Problem to solve.
The first line of the entries is where the copy starts and the line with "Para encontrar el" is where it ends; set down each line exactly, both ends included, and drop pictures.

Listed records.
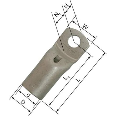 Kobber rørkabelsko med smal laske KRFN185-10, beregnet til 185mm² få- og mangetrådede Cu-ledere iht. IEC60228. Med M10 laske og inspektionshul.
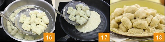 wenn sie an die Oberfläche kommen, abseihen 16 und zur in einer Pfanne befindlichen Creme hinzufügen 17. Einige Sekunden bei mittlerer Hitze schwenken, um sie mit der Creme zu vermischen, dann noch heiß servieren 18.
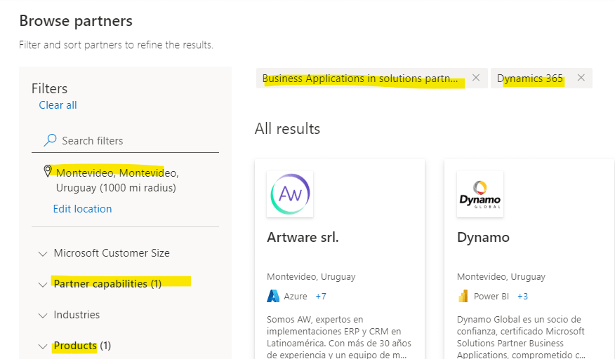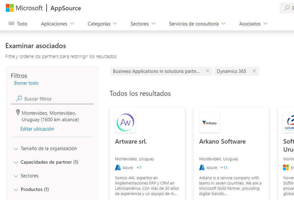 Para encontrar el partner más adecuado se puede filtrar por ubicación y además por los que que distribuyen productos Dynamics 365 y tengan una designación de Business Applications.
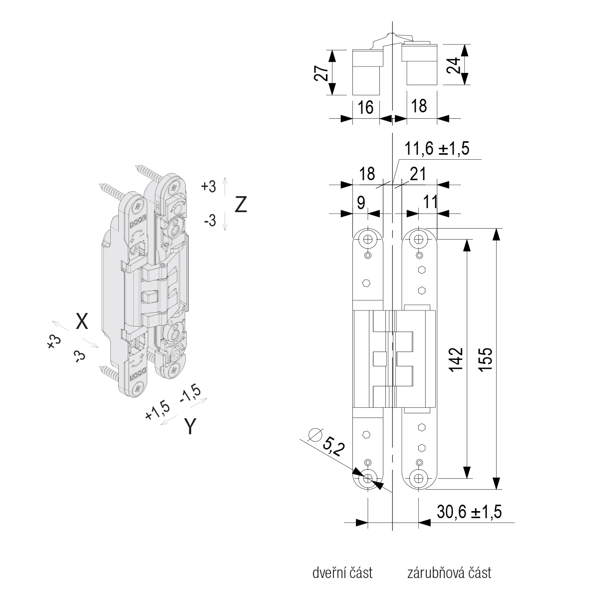 Charniere pour porte sans feuillure avec réglage 3D : réglage en hauteur et profondeur ± 3 mm, réglage latéral ± 1,5 mm. Charge maximale de la porte : 60 kg pour 2 charnieres. Épaisseur minimale de la porte : 25 mm. Remplacement de 255976, augmentation de la charge admissible. Épaisseur minimale de la porte : 25 mm. Trou de montage identique a celui pour Tectus 240D. Accessoires optionnels : attaches pour cadres d'encadrement ou cadres en acier. Gabarit de montage 256045 (cadre) + 256046 (inserts).
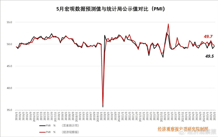 宏观数据显示,2025年5月CPI与上月持平,值为-0.1%;PPI从-2.7%下降至-3.3%;制造业PMI由49.0%上涨至49.5%;新增人民币贷款6200亿元,较上月增加3400亿元;M2增速降至7.9%。

Answer space.
 Kobber rørkabelsko med smal laske KRFN185-10, beregnet til 185mm² få- og mangetrådede Cu-ledere iht. IEC60228. Med M10 laske og inspektionshul.
 wenn sie an die Oberfläche kommen, abseihen 16 und zur in einer Pfanne befindlichen Creme hinzufügen 17. Einige Sekunden bei mittlerer Hitze schwenken, um sie mit der Creme zu vermischen, dann noch heiß servieren 18.
 Para encontrar el partner más adecuado se puede filtrar por ubicación y además por los que que distribuyen productos Dynamics 365 y tengan una designación de Business Applications.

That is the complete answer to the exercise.